START THE DATA
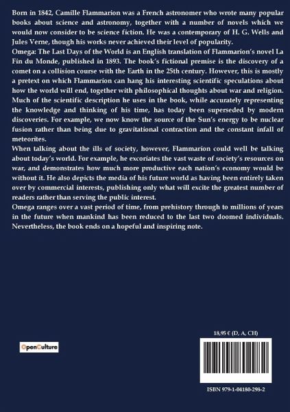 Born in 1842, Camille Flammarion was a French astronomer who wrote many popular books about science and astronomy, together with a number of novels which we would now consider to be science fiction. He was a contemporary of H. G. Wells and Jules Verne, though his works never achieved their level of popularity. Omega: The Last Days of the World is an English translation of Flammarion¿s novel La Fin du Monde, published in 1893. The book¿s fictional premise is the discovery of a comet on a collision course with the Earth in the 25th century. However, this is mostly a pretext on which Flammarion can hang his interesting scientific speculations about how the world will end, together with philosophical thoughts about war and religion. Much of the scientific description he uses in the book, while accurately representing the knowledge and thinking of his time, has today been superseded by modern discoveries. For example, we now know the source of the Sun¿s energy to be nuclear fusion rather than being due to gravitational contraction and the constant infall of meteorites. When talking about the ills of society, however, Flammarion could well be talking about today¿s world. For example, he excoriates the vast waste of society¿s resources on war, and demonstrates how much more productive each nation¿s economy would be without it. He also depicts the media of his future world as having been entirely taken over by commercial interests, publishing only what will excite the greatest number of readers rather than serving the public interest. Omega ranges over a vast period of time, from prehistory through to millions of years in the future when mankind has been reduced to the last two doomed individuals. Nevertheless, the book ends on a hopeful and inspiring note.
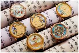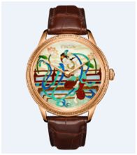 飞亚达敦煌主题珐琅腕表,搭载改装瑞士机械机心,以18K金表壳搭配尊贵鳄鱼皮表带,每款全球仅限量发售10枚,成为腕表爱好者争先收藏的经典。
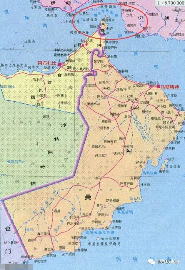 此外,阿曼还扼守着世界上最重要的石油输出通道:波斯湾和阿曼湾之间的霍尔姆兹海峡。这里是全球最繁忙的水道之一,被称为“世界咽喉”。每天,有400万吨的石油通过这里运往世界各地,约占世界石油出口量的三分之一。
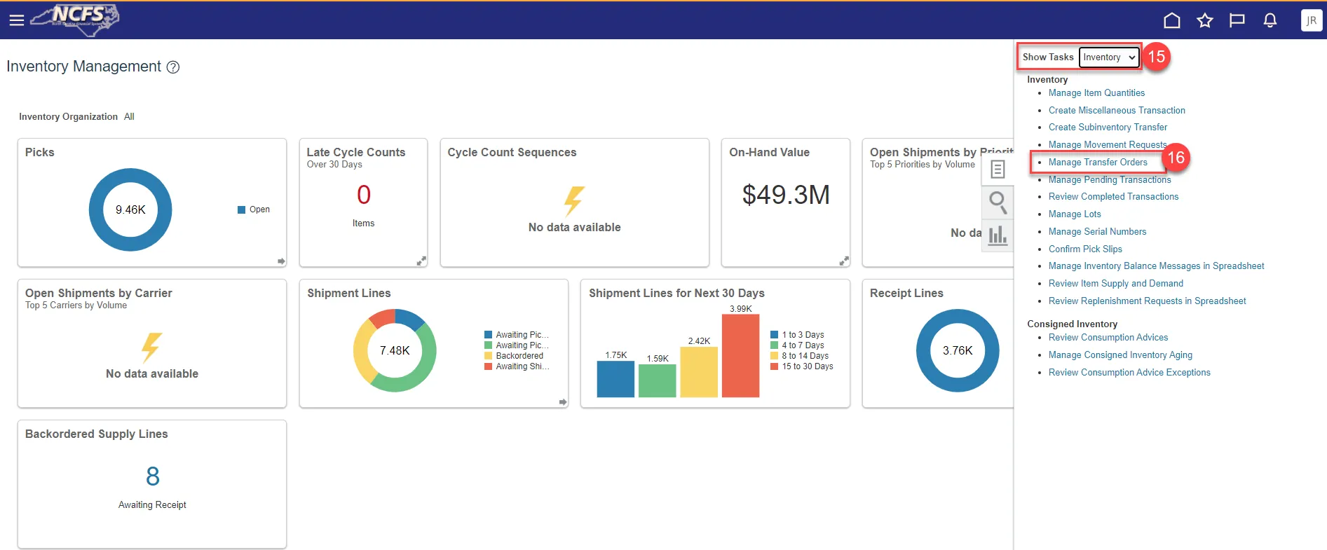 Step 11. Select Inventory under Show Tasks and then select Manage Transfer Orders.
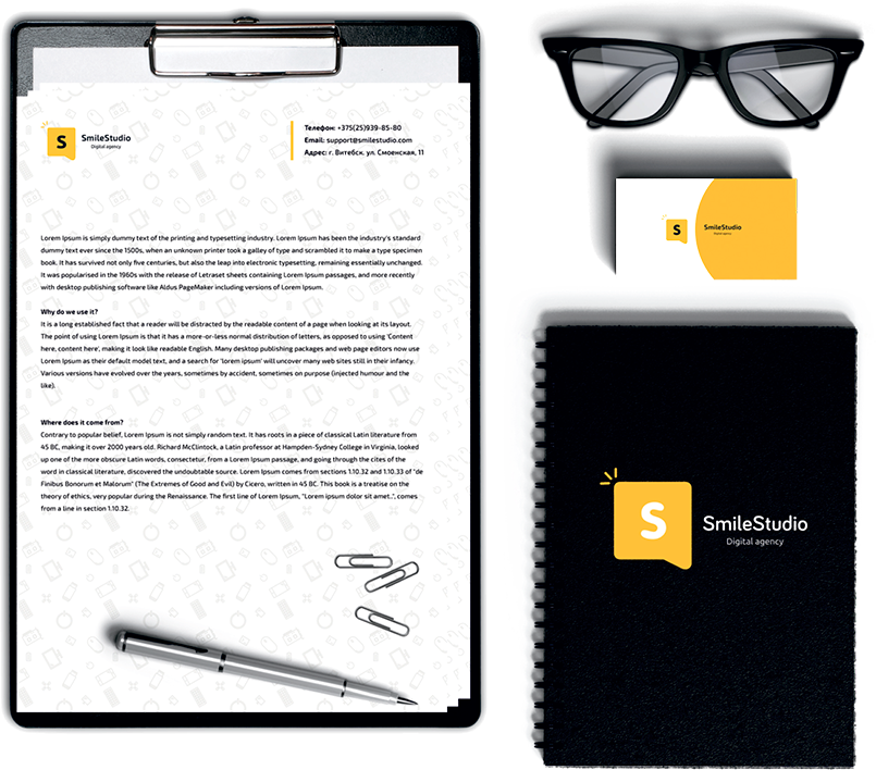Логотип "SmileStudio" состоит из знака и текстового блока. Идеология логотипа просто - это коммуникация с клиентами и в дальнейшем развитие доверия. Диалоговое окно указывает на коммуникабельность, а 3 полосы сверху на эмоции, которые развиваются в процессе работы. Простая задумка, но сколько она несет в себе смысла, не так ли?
END THE DATA
START THE DATA
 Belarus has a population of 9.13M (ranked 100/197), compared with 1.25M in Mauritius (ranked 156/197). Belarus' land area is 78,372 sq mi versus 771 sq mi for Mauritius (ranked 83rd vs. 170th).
END THE DATA
START THE DATA
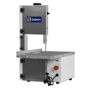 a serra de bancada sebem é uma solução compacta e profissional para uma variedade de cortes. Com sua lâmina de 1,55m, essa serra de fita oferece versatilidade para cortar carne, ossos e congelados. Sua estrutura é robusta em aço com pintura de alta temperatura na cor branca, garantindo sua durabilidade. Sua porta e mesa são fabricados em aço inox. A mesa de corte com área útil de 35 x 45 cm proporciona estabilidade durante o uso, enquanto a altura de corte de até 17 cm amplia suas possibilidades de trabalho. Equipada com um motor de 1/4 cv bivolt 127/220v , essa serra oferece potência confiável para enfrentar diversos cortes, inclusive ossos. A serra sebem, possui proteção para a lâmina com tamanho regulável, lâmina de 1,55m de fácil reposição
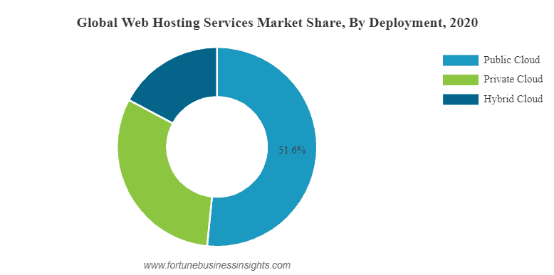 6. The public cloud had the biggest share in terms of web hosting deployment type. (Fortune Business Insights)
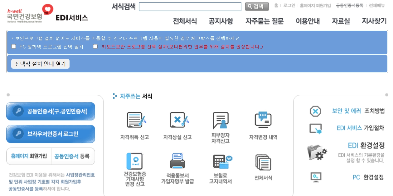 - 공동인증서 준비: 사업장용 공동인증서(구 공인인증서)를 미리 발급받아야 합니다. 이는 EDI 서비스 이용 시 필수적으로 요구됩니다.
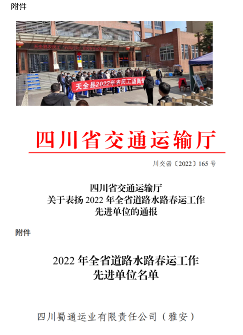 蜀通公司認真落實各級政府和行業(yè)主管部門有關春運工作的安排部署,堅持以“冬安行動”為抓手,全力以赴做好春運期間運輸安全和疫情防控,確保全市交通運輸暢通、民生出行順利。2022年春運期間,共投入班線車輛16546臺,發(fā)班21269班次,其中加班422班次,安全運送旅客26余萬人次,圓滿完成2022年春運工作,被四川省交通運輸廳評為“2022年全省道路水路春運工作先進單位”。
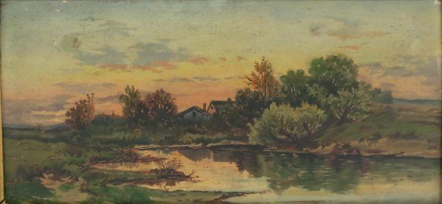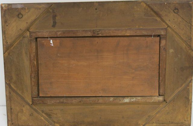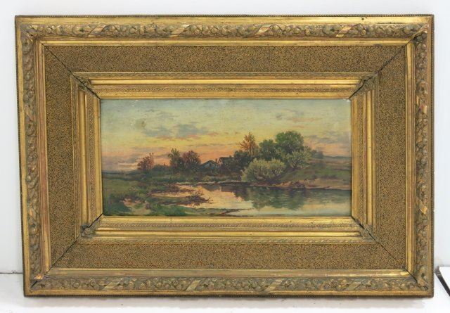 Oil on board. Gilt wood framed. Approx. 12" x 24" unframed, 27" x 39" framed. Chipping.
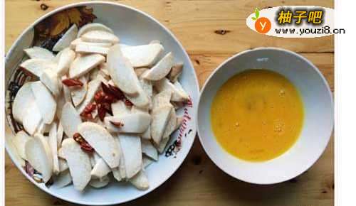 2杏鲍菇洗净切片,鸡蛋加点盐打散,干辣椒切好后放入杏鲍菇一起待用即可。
END THE DATA
_WHAT TO PRODUCE_:
Nothing but the lines above, starting at the line that contains "6. The public" and ending at the line that contains "2杏鲍菇洗净切片,鸡蛋加点盐打散,干辣椒切好后放入杏鲍菇一起待用即可。", should be given again, exactly and without the pictures.

_SOLVED PROBLEM_:
 6. The public cloud had the biggest share in terms of web hosting deployment type. (Fortune Business Insights)
 - 공동인증서 준비: 사업장용 공동인증서(구 공인인증서)를 미리 발급받아야 합니다. 이는 EDI 서비스 이용 시 필수적으로 요구됩니다.
 蜀通公司認真落實各級政府和行業(yè)主管部門有關春運工作的安排部署,堅持以“冬安行動”為抓手,全力以赴做好春運期間運輸安全和疫情防控,確保全市交通運輸暢通、民生出行順利。2022年春運期間,共投入班線車輛16546臺,發(fā)班21269班次,其中加班422班次,安全運送旅客26余萬人次,圓滿完成2022年春運工作,被四川省交通運輸廳評為“2022年全省道路水路春運工作先進單位”。
 Oil on board. Gilt wood framed. Approx. 12" x 24" unframed, 27" x 39" framed. Chipping.
 2杏鲍菇洗净切片,鸡蛋加点盐打散,干辣椒切好后放入杏鲍菇一起待用即可。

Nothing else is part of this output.